In the realm of autonomous driving, a team of researchers from the Autonomous Driving Research Institute of Baidu, led by Jianhua Han, has developed a novel model aimed at enhancing the perception and decision-making capabilities of self-driving vehicles. Their work, titled “Percept-WAM: Perception-Enhanced World-Awareness-Action Model for Robust End-to-End Autonomous Driving,” was published in the prestigious journal Nature Communications.
Autonomous driving systems heavily rely on accurate and robust spatial perception to navigate complex environments. However, current models often struggle with long-tail scenarios and intricate interactions, leading to failures. To address these challenges, the researchers introduced Percept-WAM, a model that integrates 2D and 3D scene understanding abilities within a single vision-language model (VLM). This integration is a first in the field, setting Percept-WAM apart from existing systems.
Percept-WAM unifies 2D and 3D perception tasks into World-PV and World-BEV tokens, which encode both spatial coordinates and confidence levels. The model employs a grid-conditioned prediction mechanism for dense object perception, incorporating IoU-aware scoring and parallel autoregressive decoding. These features improve stability in challenging scenarios, such as long-tail, far-range, and small-object detection.

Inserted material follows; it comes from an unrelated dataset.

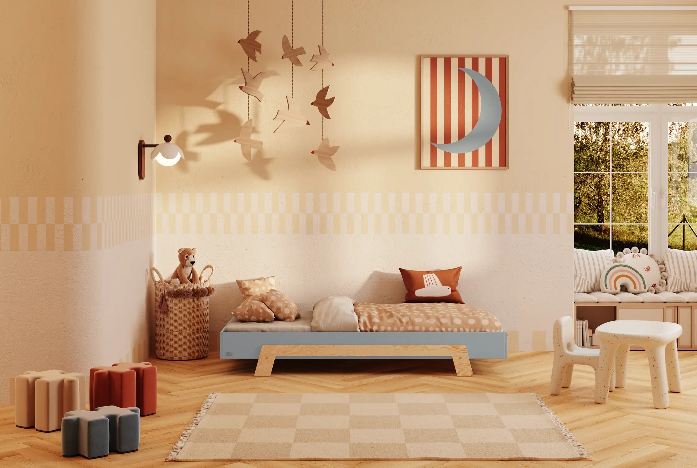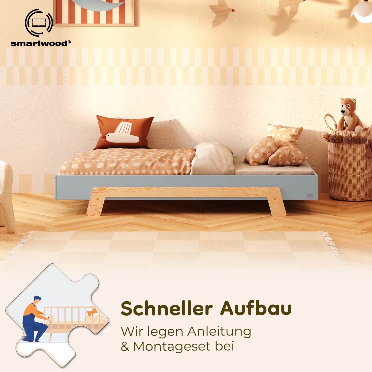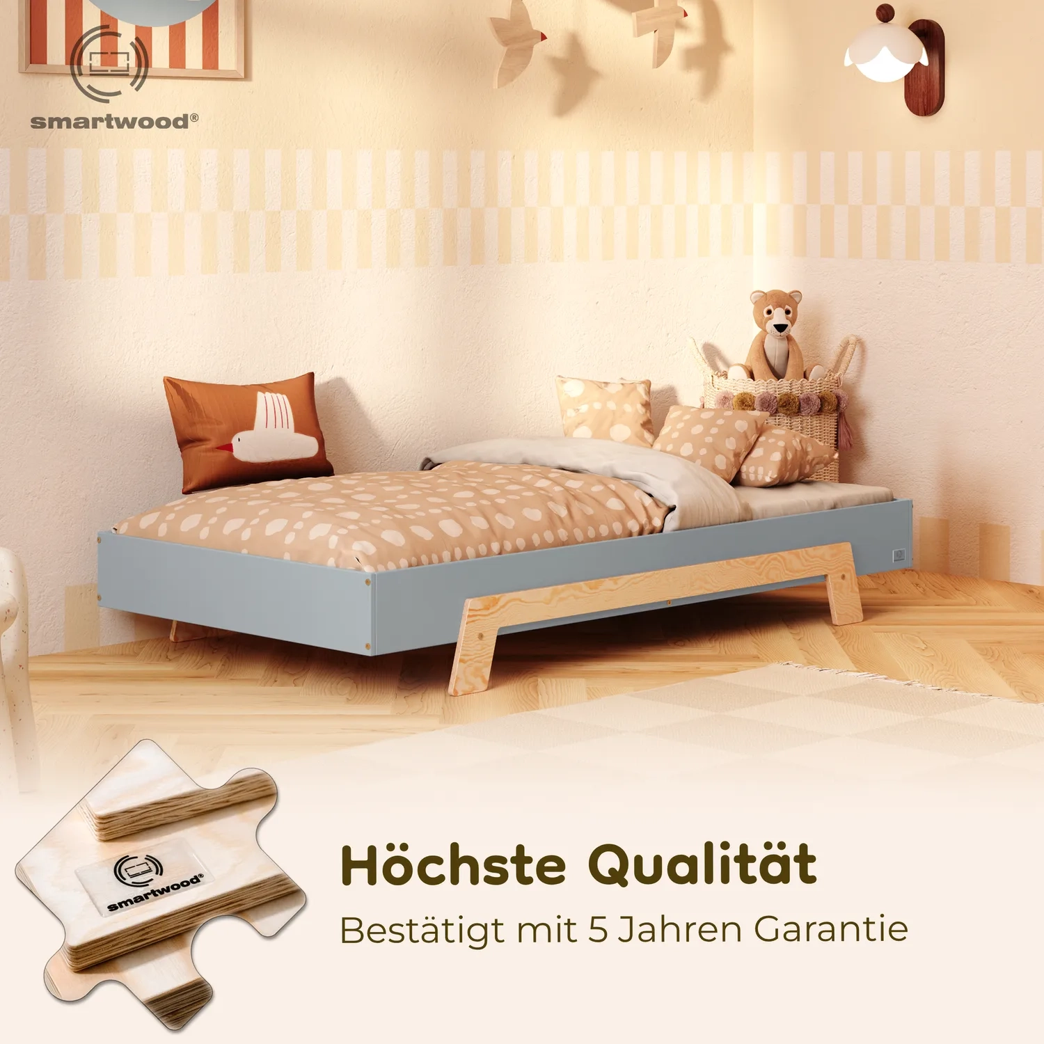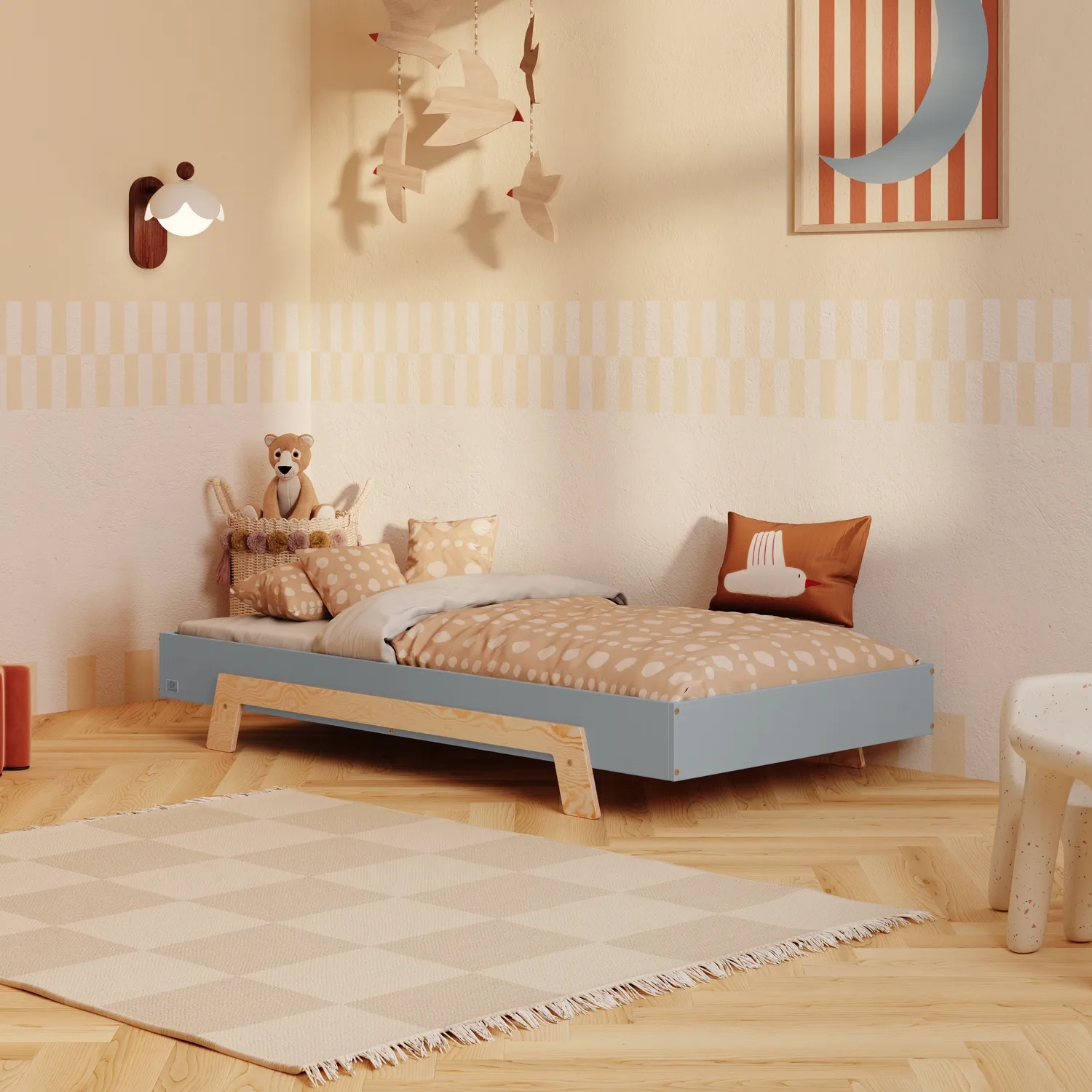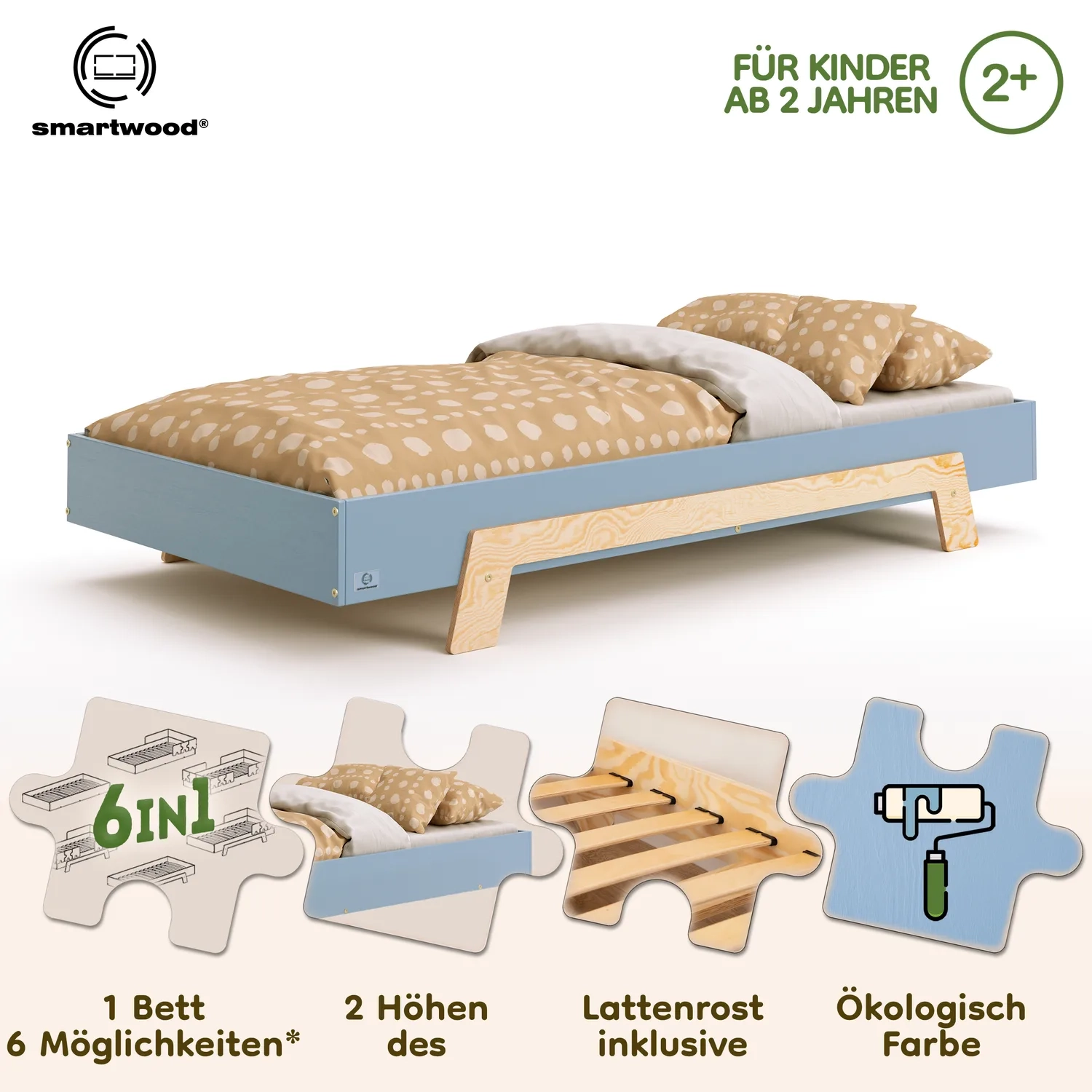 In der Praxis bedeutet das: Ein einziges Bett kann sowohl ein sicheres Bodenschlafplatz für Kleinkinder sein als auch ein „richtiges“, höheres Bett für ältere Kinder.

One of the key advantages of Percept-WAM is its ability to leverage pretrained VLM parameters, retaining general intelligence capabilities like logical reasoning. The model can directly output perception results and trajectory control outputs, making it a comprehensive solution for autonomous driving.
Experiments conducted by the researchers demonstrated that Percept-WAM matches or surpasses classical detectors and segmenters on downstream perception benchmarks. It achieved impressive results, such as 51.7/58.9 mAP on COCO 2D detection and nuScenes BEV 3D detection. When integrated with trajectory decoders, Percept-WAM further improved planning performance on nuScenes and NAVSIM, outperforming DiffusionDrive by 2.1 in PMDS on NAVSIM.

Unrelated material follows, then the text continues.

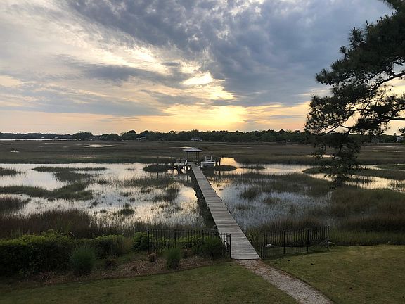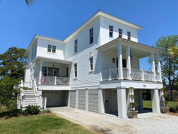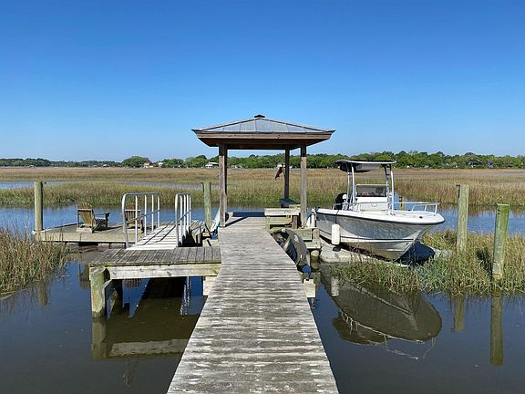 This stunning Lowcountry residential masterpiece and 2016 Prism Award Winner (Crosby Creations Drafting & Design) capture's the essence of relaxed elegance. The airy, light-filled interior and expansive views of the marsh and Intercoastal waterway beyond, this home melds classic southern and island architecture. This property is nearly a half-acre, with a 165' dock that leads to a covered pier head and drive-on boat launch. Created with an indoor-outdoor lifestyle in mind, there are oversized Anderson custom windows and eight foot double doors that lead onto expansive decks - great for watching sunsets. With this elevated floorplan, the first floor consists of 10' ceilings in the Living Room/Kitchen/Dining area combined and offers a separate private Guest Room and Bath. Space is delineate by an 8'x4' Kitchen island with Carrara Marble countertops and burnished gold pendant lights overhead. A hand hewn mantle over the (gas) fireplace, built of white brick and shiplap offers a beautiful vignette against the Caribbean Pine floor that are used throughout the home. Cable wire railing on the staircase is perfectly in keeping with the home's coastal feel, and leads upstairs to two secondary Bedrooms that share a Jack and Jill Bath. To the back of the second floor, the expansive Master Bedroom (10' ceilings) is simply a sight to behold. The Master Bath includes a freestanding tub, and walk-in glass shower with Carrara Marble Herringbone Floor Tile and Subway Tile walls. The 1,300sqft two-car Garage space on the ground floor provides lots of space for storage, a workshop, and simply a place of quiet repose. There is an elevator shaft in place, should the new owner wish to install an elevator. The backyard is truly it's own private enclave, and is surrounded by beautiful plantings including Grapefruit and Meyer Lemon trees; this space includes a hot tub, fire pit, Adirondack chairs, and oversized custom-built planters set on a pea-gravel surface.

The practical applications of Percept-WAM for the energy industry are significant. As the energy sector increasingly adopts autonomous vehicles for tasks such as inspection, maintenance, and transportation, advanced perception models like Percept-WAM can enhance the efficiency, safety, and reliability of these operations. By improving the ability of autonomous vehicles to navigate complex environments, Percept-WAM can contribute to the broader adoption of autonomous technologies in the energy sector, ultimately driving innovation and sustainability.
This article is based on research available at arXiv.